#### TASK INPUT ####

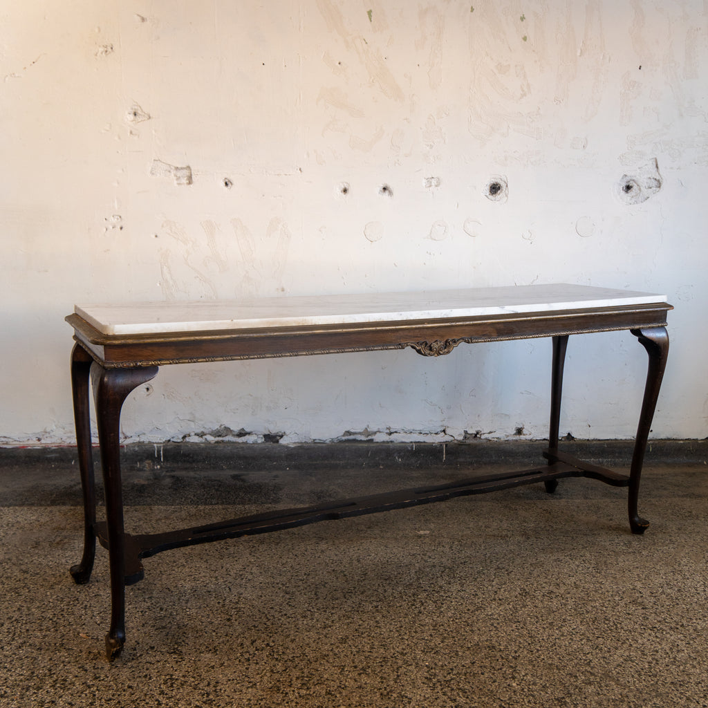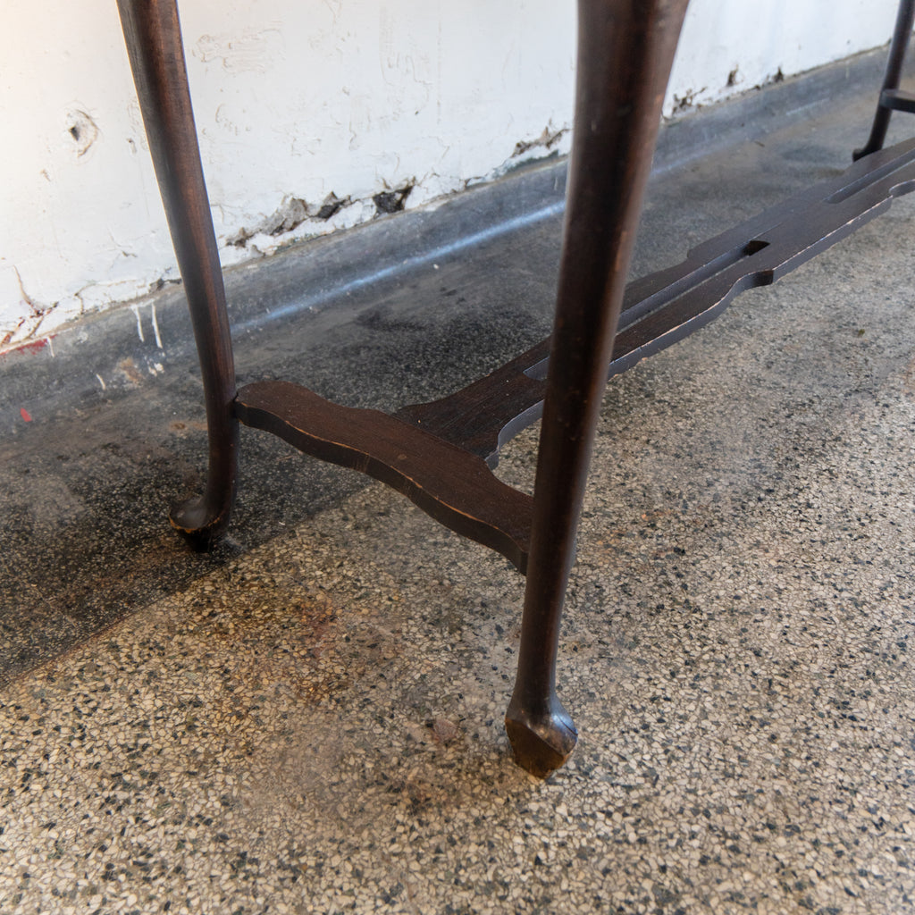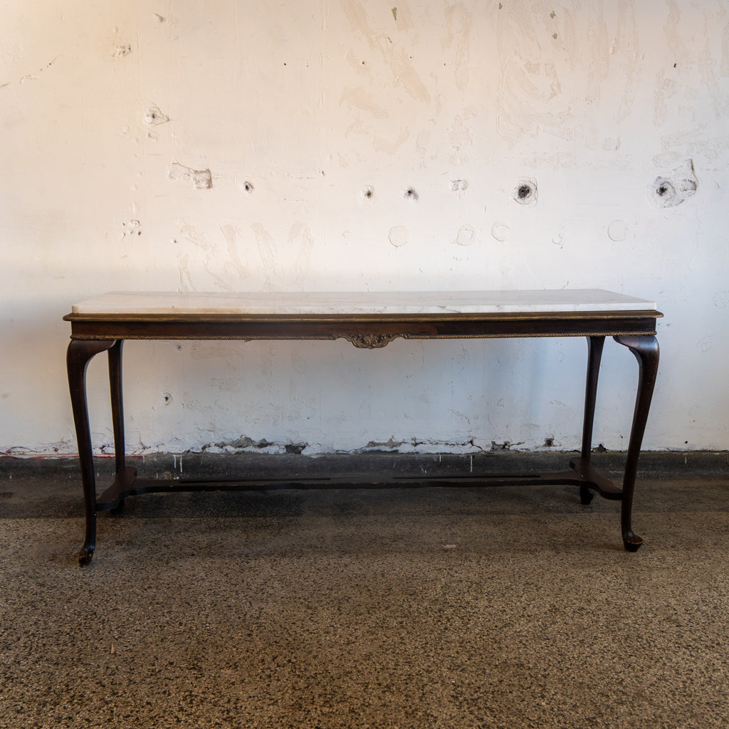 This Antique Marble Entry table features cast iron legs, a wooden table base & trim with a marble top. Ideal for creating a memorable first impression in entryways or serving as a sophisticated table for any space.
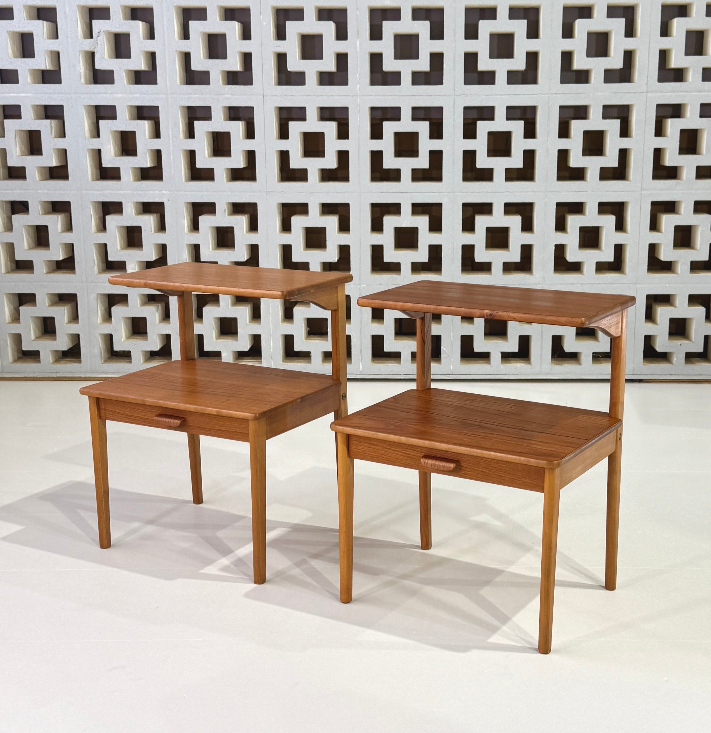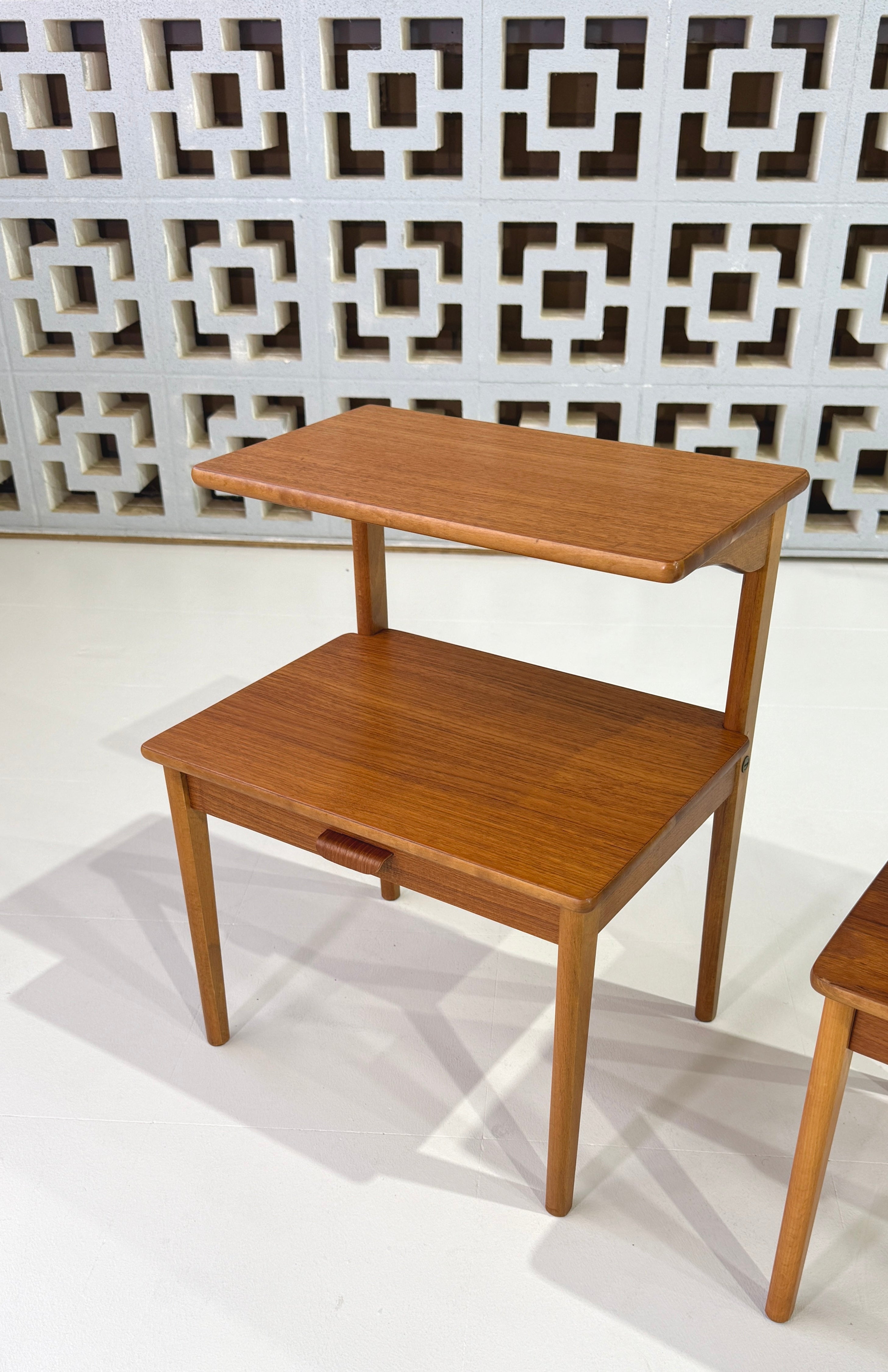Well proportioned bedside tables in teak, each with an upper shelf, a lower drawer and a generous primary surface.
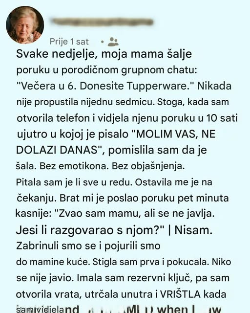 U početku sam mislila da se šali, ali kada nisam dobila odgovor, počela sam da brinem. Moj brat je napisao da je zvao i da se mama ne javlja. Pokušala sam i ja — ali se poziv odmah prekinuo.
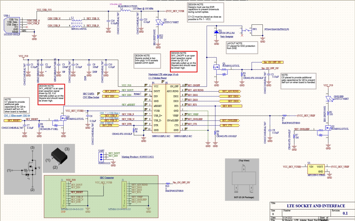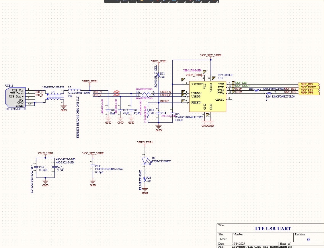 The LTE modem interface board is designed to relay LTE commands and data over USB or UART connection
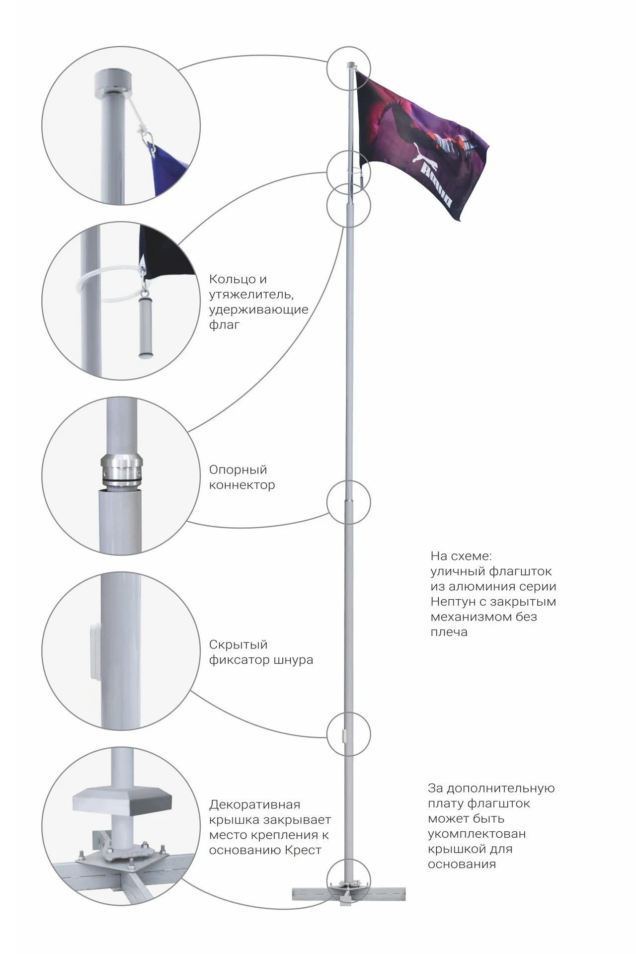 Флагштоки с закрытым механизмом – наиболее эстетичный вариант флагштока для вертикального или горизонтального флага. Флагшток с закрытым подъёмным механизмом не исключает его эксплуатацию с баннерным плечом баннер-лифт, однако он не входит в комплектацию такого вида флагштока изначально. Флагштоки с закрытым механизмом могут быть использованы на открытых территориях, т.к. оснащены замком, скрывающим доступ к подъёмному механизму от посторонних лиц.
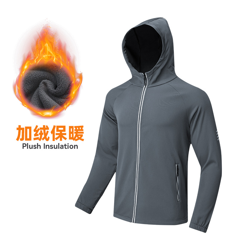 뜨거운 판매 외국 무역 기모 캐주얼 스포츠 재킷 실행 등산 훈련 세트 남자의 후드 지퍼 재킷 플러스 사이즈스토어 가기
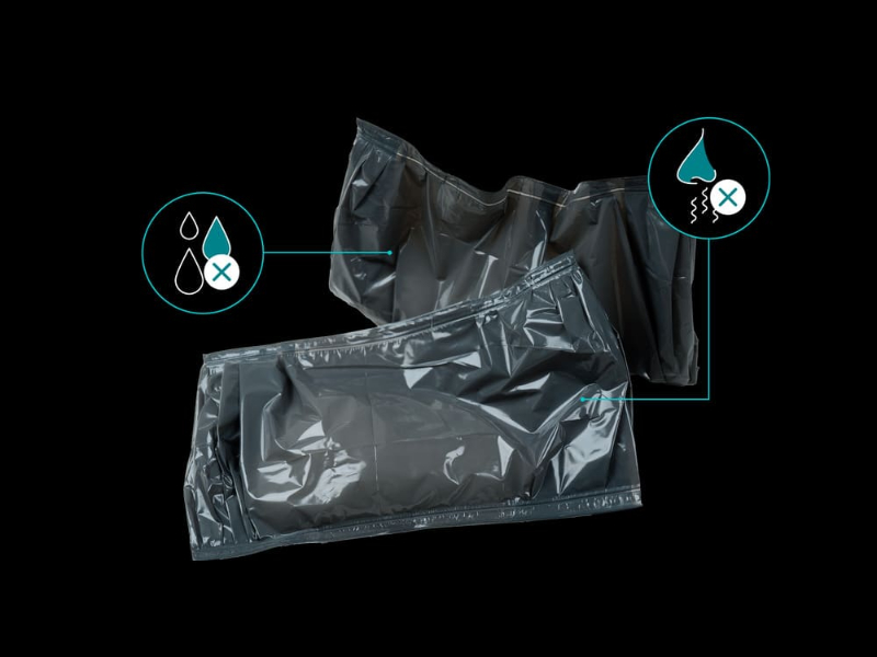 ニオイ漏れや液体漏れを防ぐクレサナ専用の高バリアフィルムで、1つ1つ丁寧に密閉処理。一般的なポータブルトイレ用フィルムより900倍ニオイ漏れが少ないことが実証されているそうです。
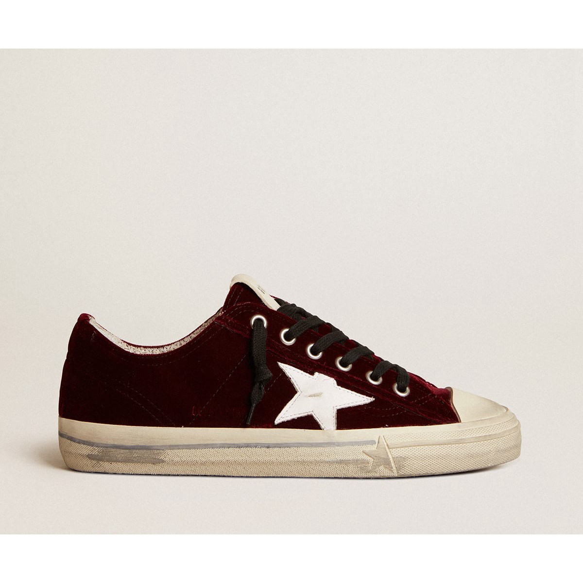 Golden Goose V-Star Scarpe Ginnastica Ltd in velluto bordeaux con stella in pelle bianca GMF00129.F005056.82469

####

§ **EXERCISE INSTRUCTIONS**
In the entries above, find the line containing "U početku sam" and the line containing "The LTE modem"; give again exactly those two lines and every line between them, minus the pictures.

§ **WORKED SOLUTION**
 U početku sam mislila da se šali, ali kada nisam dobila odgovor, počela sam da brinem. Moj brat je napisao da je zvao i da se mama ne javlja. Pokušala sam i ja — ali se poziv odmah prekinuo.
 The LTE modem interface board is designed to relay LTE commands and data over USB or UART connection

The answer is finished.